2301 M St. Coop. Ass'n v. Chromium LLC

Decision Date06 June 2019
Docket NumberNos. 15-CV-144,15-CV-221,s. 15-CV-144
Citation209 A.3d 82
Parties 2301 M STREET COOPERATIVE ASSOCIATION, Appellant/Cross-Appellee, v. CHROMIUM LLC, Appellee/Cross-Appellant.
CourtD.C. Court of Appeals

Thomas F. Murphy, Washington, DC, for appellant/cross-appellee.

Stephen O. Hessler, Washington, DC, for appellee/cross-appellant.

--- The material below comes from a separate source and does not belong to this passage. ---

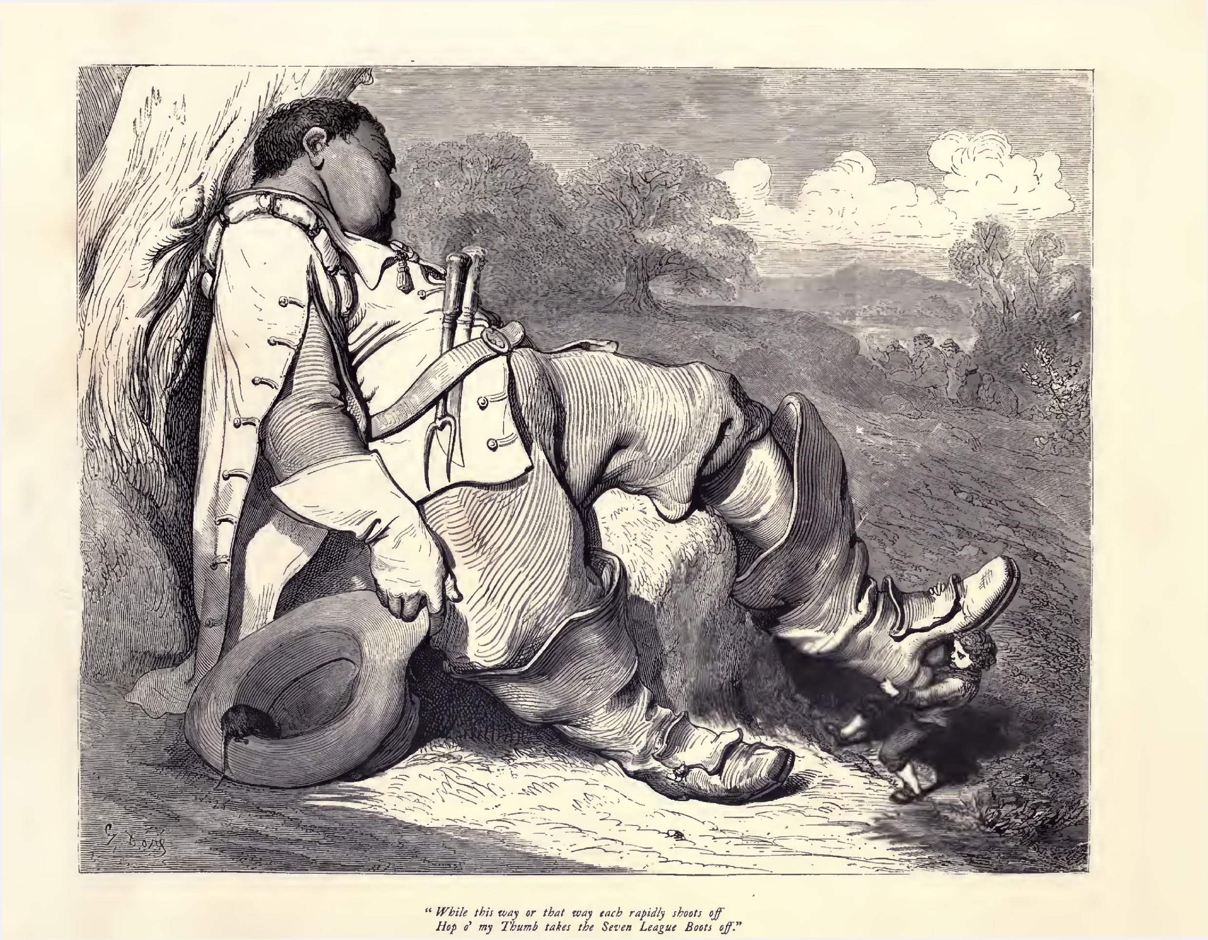 Hop o' my Thumb takes the Seven League Boots off

Before Blackburne-Rigsby, Chief Judge,* and Glickman and Fisher, Associate Judges.

Per Curiam:

These consolidated appeals arise from a dispute between a tenant and the new owner over the correct formula for calculating rent increases under the parties' lease agreement. At issue is whether to use the rent escalation formula explicitly set forth in the lease agreement, or the formula used by the prior landlord for nearly thirty years. The rent would be much higher if the landlord had employed the formula in the lease during that period, and that formula would call for greater rent increases in the future. The tenant, 2301 M Street Cooperative Association ("the Cooperative"), argues that the lease agreement is ambiguous and should be interpreted to conform to the prior landlord's actual practice. Alternatively, the Cooperative argues that, by their past practice, the then-parties to the lease implicitly modified its rent formula. The new and current owner and landlord, Chromium LLC ("Chromium"), argues that the rent escalation formula in the lease is not ambiguous and should apply as written.

The trial court agreed with Chromium insofar as prospective application of the lease formula is concerned. However, it rejected Chromium's argument for retroactive application of that formula to past rent increases, which would result in a higher base rent for future calculations. For the reasons that follow, we affirm.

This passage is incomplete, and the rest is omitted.